Convert activations and weights to ttnn

[7]:

hidden_states = ttnn.from_torch(torch_hidden_states, layout=ttnn.TILE_LAYOUT, device=device)
attention_mask = ttnn.from_torch(torch_attention_mask, layout=ttnn.TILE_LAYOUT, device=device)
query_weight = ttnn.from_torch(torch_query_weight, layout=ttnn.TILE_LAYOUT, device=device)
query_bias = ttnn.from_torch(torch_query_bias, layout=ttnn.TILE_LAYOUT, device=device, memory_config=ttnn.L1_MEMORY_CONFIG)
key_weight = ttnn.from_torch(torch_key_weight, layout=ttnn.TILE_LAYOUT, device=device)
key_bias = ttnn.from_torch(torch_key_bias, layout=ttnn.TILE_LAYOUT, device=device, memory_config=ttnn.L1_MEMORY_CONFIG)
value_weight = ttnn.from_torch(torch_value_weight, layout=ttnn.TILE_LAYOUT, device=device)
value_bias = ttnn.from_torch(torch_value_bias, layout=ttnn.TILE_LAYOUT, device=device, memory_config=ttnn.L1_MEMORY_CONFIG)
output_weight = ttnn.from_torch(torch_output_weight, layout=ttnn.TILE_LAYOUT, device=device)
output_bias = ttnn.from_torch(torch_output_bias, layout=ttnn.TILE_LAYOUT, device=device, memory_config=ttnn.L1_MEMORY_CONFIG)
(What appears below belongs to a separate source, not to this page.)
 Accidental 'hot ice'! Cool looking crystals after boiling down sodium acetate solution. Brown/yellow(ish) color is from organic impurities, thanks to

Run the first iteration of Multi-Head Attention

[8]:

start = time.time()
multi_head_attention(
    hidden_states,
    attention_mask,
    query_weight,
    query_bias,
    key_weight,
    key_bias,
    value_weight,
    value_bias,
    output_weight,
    output_bias,
    num_heads=num_heads,
)
end = time.time()
duration = end - start

[9]:

print(f"Multi-head attention ran in {duration} seconds for the first iteration")

Multi-head attention ran in 8.00607705116272 seconds for the first iteration

Run a subsequent iteration of Multi-Head Attention

[10]:

start = time.time()
output = multi_head_attention(
    hidden_states,
    attention_mask,
    query_weight,
    query_bias,
    key_weight,
    key_bias,
    value_weight,
    value_bias,
    output_weight,
    output_bias,
    num_heads=num_heads,
)
end = time.time()
duration = end - start

[11]:

print(f"Multi-head attention ran in {duration} seconds for the subsequent iteration because of the program cache")
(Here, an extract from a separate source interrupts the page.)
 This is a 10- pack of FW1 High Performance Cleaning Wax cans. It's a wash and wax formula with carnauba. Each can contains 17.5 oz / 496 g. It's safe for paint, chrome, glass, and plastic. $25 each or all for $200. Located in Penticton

Multi-head attention ran in 0.250946044921875 seconds for the subsequent iteration because of the program cache

Write optimized version of Multi-Head Attention

Optimized version of the multi-head attention can be written by:

Tilizing all of the tensors ahead of time
Using more performant matmuls that fuse bias and specify the number of cores they execute on
Putting every tensor into L1
Using bfloat8_b data_type
Using custom ttnn.transformer operations instead of ttnn.permute and ttnn.reshape

ttnn.deallocate calls are needed because otherwise, the cores on the device will run out of the L1 memory

[12]:

def optimized_multi_head_attention(
    hidden_states,
    attention_mask,
    fused_qkv_weight,
    fused_qkv_bias,
    self_output_weight,
    self_output_bias,
    *,
    num_heads,
    num_cores_x=12,
):
    batch_size, _, hidden_size = hidden_states.shape
    head_size = hidden_size // num_heads

    hidden_states = ttnn.to_layout(hidden_states, ttnn.TILE_LAYOUT)

    fused_qkv_output = ttnn.linear(
        hidden_states,
        fused_qkv_weight,
        bias=fused_qkv_bias,
        memory_config=ttnn.L1_MEMORY_CONFIG,
        dtype=ttnn.bfloat8_b,
        core_grid=ttnn.CoreGrid(y=batch_size, x=num_cores_x),
    )

    (
        query,
        key,
        value,
    ) = ttnn.transformer.split_query_key_value_and_split_heads(
        fused_qkv_output,
        memory_config=ttnn.L1_MEMORY_CONFIG,
        num_heads=num_heads,
    )
    ttnn.deallocate(fused_qkv_output)

    attention_scores = ttnn.matmul(
        query,
        key,
        memory_config=ttnn.L1_MEMORY_CONFIG,
        dtype=ttnn.bfloat16,
        core_grid=ttnn.CoreGrid(y=batch_size, x=num_cores_x),
    )
    ttnn.deallocate(query)
    ttnn.deallocate(key)

    attention_probs = ttnn.transformer.attention_softmax_(attention_scores, attention_mask=attention_mask, head_size=head_size)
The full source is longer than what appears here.